› Por Alejandro Modarelli
Lo que no recrean los medios de comunicación no existe, dice el lugar común, y no hace tanto conquistamos en la pantalla el derecho a existir. La televisión, al principio, nos armó el escenario fantástico de la existencia y nos apropiamos de lo que pudimos, como artistas frikis que entretienen a los dueños de casa mientras les roban la platería frente a sus narices. De ese modo, si el ojo de la cámara nos recorría con ánimo zoológico, colábamos nuestra fisonomía medusa para acreditar que existe un más allá de la mesa de Mirtha Legrand; si se buscaba un registro de voces maricas cercano al melodrama, es decir la confesión vistosa, el llanto que desgarra (y en ese desgarro singular hay jirones de la vida colectiva), informábamos nuestra propia agenda política: ésas eran las tretas de los años noventa, cuando los set empezaron a poblarse de fenómenos, pero en medio de ellos alguien como Carlos Jáuregui o como Ilse Fuskova se hacía espacio para reclamar el fin de los edictos policiales, la secularización definitiva de las instituciones de la República y leyes contra la discriminación por orientación sexual, todo un logro semántico cuando todavía la identidad no se orientaba, sino en todo caso se desorientaba.
Las leyes inclusivas de la era kirchnerista vinieron a oficiar de salto histórico; el ciclo de derecho a la existencia televisada, cuya epifanía se celebraba en el living de la casa (a veces no sin pena si ameritaba la confesión; otras con risas porque las maricas brillábamos en los programas de humor), dio paso al debate de “los que saben” sobre los derechos civiles de los recién existentes: el matrimonio igualitario, la ley de identidad de género, el cupo laboral trans. Las víctimas, las siempre olvidadas, adquiríamos por fin carta de ciudadanía y los set se despoblaron lentamente de las voces del melodrama, el consuelo de los sufrientes se volvía reclamo de igualdad jurídica en la polis democrática. Yo creo que en ese momento dejamos de dar lástima o gracia. Y que de piezas de museo, de fenómeno de circo, nos convertimos en víctimas ambiciosas. Si la economía neoliberal nos eligió como pingüe diferencia para abonar su salón de ventas, si los medios de comunicación secaban las lágrimas maricas para organizar con nuestros reclamos las mesas de debates políticos, muchos empezaron a sentir que se les estaba escamoteando un bien preciado: el derecho al goce de discriminarnos. Ese robo del goce tiene sus consecuencias, que a menudo son violentas.

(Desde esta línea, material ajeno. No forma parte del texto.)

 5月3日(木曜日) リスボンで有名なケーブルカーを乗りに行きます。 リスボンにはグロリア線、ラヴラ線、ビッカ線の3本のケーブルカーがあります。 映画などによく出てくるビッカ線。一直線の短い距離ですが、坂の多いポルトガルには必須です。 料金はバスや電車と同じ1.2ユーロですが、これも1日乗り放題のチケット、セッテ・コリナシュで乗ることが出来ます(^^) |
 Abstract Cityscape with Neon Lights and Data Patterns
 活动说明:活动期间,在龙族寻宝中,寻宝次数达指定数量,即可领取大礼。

Hace unas semanas la CHA enumeró en conferencia de prensa los crímenes de odio que no cesan; hay una proliferación de violencias simbólicas por todas partes, y la televisión no es ajena. Así, nos enteramos de que Pablo Utrera, un pibe gay que en vuelo del interior cordobés a la fama como extraordinario cantante del show La Voz, consuma su suicidio tras dejar indicios en su facebook, por sentirse rechazado en su sexualidad; vemos al conductor de programas de chimentos Rodrigo Lussich salir del closet conmocionado por ese suicidio, y en seguida ser injuriado por comentaristas de diarios, uno de los cuales escribe que “es mentira que la homosexualidad es aceptada, que eso es un invento de los medios”. La televisión: museo de la expiación, circo de confesiones, tanatorio en tiempos de inclusión.

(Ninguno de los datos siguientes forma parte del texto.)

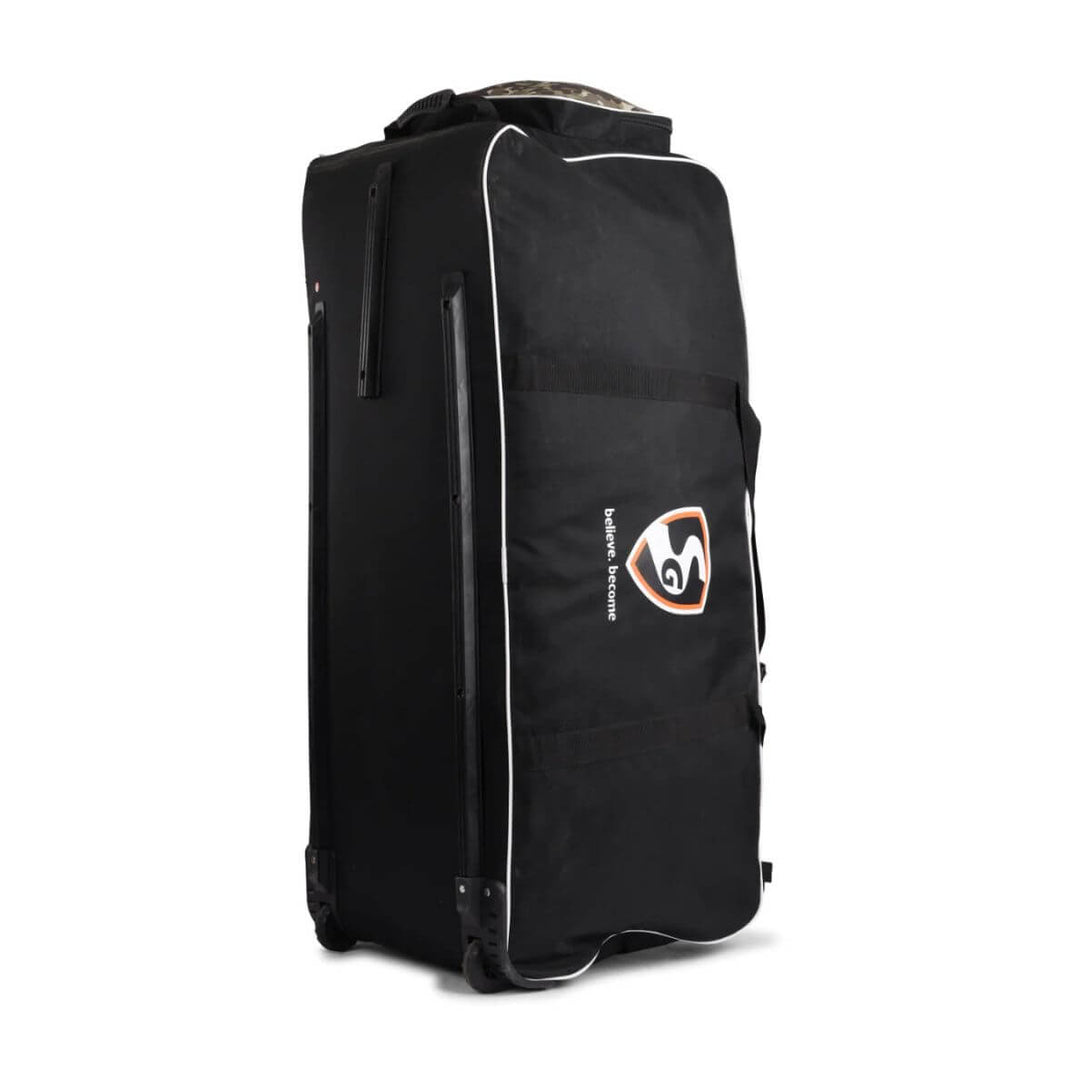 The SG Blazepak Holdall Wheelie Kit Bag is the perfect choice for cricketers who need a spacious, durable, and easy-to-move solution for carrying all their gear. Made from water-resistant, premium fabric, this kit bag is designed to withstand regular use and tough conditions. It features an external pocket on the carry-handle side for convenient storage of accessories and SG customized zips and runners for added durability. The ‘C’ shape opening ensures easy access to the main compartment, while the two large wheels provide excellent traction and control. With a fabricated grip handle supported by mesh for comfort and special bartack stitches for extra strength, this kit bag combines practicality with durability.

El proceso de visibilización lgbti en los medios fue a la vez una iniciación o pedagogía acelerada de la diversidad, y las leyes inclusivas el material definitivo. No obstante, el odio que pervive y en ocasiones lleva al suicidio, es constancia de cómo una ley clandestina -esa que no puede ni siquiera pronunciarse en público y guía el crimen de odio, el rechazo del hijo maricón, la injuria de los foristas- subyace a las leyes escritas. Letra que no está muerta pero que no nos salva de la muerte (el asesinato esta semana de la travesti santafesina Coty Olmos, mediante puntazos y asfixia, es apenas un dato más para el catálogo). Que devela el mecanismo sacrificial, justo cuando se nos quita la dignidad de víctimas. Y solo la muerte puede reparar el daño (robo) que cometimos contra aquellos que gozan con el odio.
Ahora, después de escuchar el discurso reciente del papa Francisco en las Naciones Unidas, donde previene al mundo contra las uniones de personas del mismo sexo, por anómalas, por contrarias a la naturaleza (o sea que casados nos suma a las catástrofes producidas por el desvío de la técnica, somos las locas cybor nucleares cada vez que salimos del Registro Civil) uno se pregunta sobre la dispensa que se lee en sus palabras para quienes están impacientes por impulsar nuestro exterminio, aunque más no fuese en el dominio de lo simbólico. A mí me han seducido siempre las lecturas del antropólogo francés René Girard, que considera que el cristianismo inauguró en la historia una nueva etapa dentro de la dinámica sacrificial presente en las comunidades humanas: por primera vez la víctima no es culpable, como sí lo era para los griegos. Francisco hoy está ávido de reinstalar al pobre, al migrante, al hombre residual, a los explotados como la Gran Víctima en el centro de la escena sacrificial neoliberal; cuenta con la suerte de que el comunismo no es amenaza para la Iglesia y se permite hablar contra la angurria capitalista. El inventario de víctimas que él expone y para las cuales exige reparación (incluso mediática), no nos incluye. Esa decisión devuelve a la Iglesia a la prehistoria, a las religiones naturales de las que ella se cree una superación. Para Francisco, si somos víctimas, somos además culpables. Víctimas sin reparación posible, sin televisación expiatoria, que como Coty Olmos, como Pablo Utrera, están mucho mejor muertas que vivas, evocadas en los noticieros policiales y no en un programa de debate político o en el Congreso Nacional. Seguramente porque también somos “sus víctimas”.